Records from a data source
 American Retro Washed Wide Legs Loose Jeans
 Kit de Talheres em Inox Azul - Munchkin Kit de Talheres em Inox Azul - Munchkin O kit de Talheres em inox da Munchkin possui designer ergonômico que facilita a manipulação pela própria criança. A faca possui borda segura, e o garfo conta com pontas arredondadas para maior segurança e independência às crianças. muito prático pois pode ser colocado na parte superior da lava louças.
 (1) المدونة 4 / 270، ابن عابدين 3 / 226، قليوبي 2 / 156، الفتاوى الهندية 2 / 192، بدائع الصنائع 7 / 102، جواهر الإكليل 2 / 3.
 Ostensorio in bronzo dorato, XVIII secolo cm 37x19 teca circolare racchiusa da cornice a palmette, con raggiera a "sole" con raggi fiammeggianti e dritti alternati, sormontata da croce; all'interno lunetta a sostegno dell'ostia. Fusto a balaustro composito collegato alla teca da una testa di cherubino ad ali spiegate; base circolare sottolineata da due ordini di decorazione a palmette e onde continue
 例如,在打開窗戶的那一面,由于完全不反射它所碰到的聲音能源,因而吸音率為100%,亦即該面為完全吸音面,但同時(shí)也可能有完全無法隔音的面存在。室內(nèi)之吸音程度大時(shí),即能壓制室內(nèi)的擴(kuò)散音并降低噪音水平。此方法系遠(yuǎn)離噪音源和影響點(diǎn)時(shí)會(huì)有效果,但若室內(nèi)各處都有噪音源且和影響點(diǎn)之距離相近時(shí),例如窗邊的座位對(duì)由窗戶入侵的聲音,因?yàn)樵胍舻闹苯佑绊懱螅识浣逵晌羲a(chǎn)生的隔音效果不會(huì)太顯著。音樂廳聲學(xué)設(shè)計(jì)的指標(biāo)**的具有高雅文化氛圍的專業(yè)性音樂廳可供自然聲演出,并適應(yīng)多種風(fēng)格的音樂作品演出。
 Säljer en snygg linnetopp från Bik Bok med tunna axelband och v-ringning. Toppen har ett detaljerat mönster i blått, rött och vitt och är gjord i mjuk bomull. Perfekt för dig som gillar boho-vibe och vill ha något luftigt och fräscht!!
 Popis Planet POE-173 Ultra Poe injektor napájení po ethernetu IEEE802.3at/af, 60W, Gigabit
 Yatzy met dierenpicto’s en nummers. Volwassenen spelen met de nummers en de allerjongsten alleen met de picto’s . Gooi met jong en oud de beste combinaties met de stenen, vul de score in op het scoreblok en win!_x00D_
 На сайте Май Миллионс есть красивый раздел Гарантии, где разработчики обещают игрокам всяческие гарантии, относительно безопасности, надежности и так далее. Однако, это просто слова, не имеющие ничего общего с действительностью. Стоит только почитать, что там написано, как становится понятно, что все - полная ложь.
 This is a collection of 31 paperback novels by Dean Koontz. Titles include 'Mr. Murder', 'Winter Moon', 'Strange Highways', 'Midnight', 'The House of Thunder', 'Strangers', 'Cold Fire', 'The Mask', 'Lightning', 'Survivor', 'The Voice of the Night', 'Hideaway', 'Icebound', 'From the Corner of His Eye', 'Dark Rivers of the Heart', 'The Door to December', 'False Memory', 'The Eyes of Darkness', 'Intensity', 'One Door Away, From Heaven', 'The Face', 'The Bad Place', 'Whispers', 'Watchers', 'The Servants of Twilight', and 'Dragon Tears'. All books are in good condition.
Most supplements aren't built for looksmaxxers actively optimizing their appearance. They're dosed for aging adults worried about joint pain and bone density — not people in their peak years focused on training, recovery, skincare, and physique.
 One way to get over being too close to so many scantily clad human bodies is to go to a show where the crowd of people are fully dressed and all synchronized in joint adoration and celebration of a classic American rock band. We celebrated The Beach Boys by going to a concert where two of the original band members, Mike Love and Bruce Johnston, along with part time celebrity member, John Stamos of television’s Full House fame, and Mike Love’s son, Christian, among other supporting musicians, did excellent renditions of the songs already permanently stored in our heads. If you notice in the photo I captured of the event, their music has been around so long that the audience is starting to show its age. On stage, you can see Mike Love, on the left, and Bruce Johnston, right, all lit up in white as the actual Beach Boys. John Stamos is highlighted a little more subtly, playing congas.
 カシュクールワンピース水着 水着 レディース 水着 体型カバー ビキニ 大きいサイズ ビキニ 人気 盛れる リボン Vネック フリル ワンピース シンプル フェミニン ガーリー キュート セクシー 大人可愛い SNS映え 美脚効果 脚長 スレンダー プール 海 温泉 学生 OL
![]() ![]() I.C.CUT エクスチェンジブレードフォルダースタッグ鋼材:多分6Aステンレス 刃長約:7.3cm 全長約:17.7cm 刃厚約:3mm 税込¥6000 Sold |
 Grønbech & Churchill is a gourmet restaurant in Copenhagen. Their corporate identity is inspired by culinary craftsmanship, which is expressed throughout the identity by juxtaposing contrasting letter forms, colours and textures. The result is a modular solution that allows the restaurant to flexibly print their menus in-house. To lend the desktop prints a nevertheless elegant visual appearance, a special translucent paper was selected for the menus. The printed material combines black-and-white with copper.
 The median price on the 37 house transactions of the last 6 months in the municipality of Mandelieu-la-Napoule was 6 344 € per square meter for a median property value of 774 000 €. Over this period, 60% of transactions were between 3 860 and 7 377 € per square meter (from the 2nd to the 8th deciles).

▶ [Goal of the exercise] Retype the records above exactly, from their first line through the line that contains "Kit de Talheres em Inox Azul - Munchkin Kit", and stop there.

▶ [Solution]
 American Retro Washed Wide Legs Loose Jeans
 Kit de Talheres em Inox Azul - Munchkin Kit de Talheres em Inox Azul - Munchkin O kit de Talheres em inox da Munchkin possui designer ergonômico que facilita a manipulação pela própria criança. A faca possui borda segura, e o garfo conta com pontas arredondadas para maior segurança e independência às crianças. muito prático pois pode ser colocado na parte superior da lava louças.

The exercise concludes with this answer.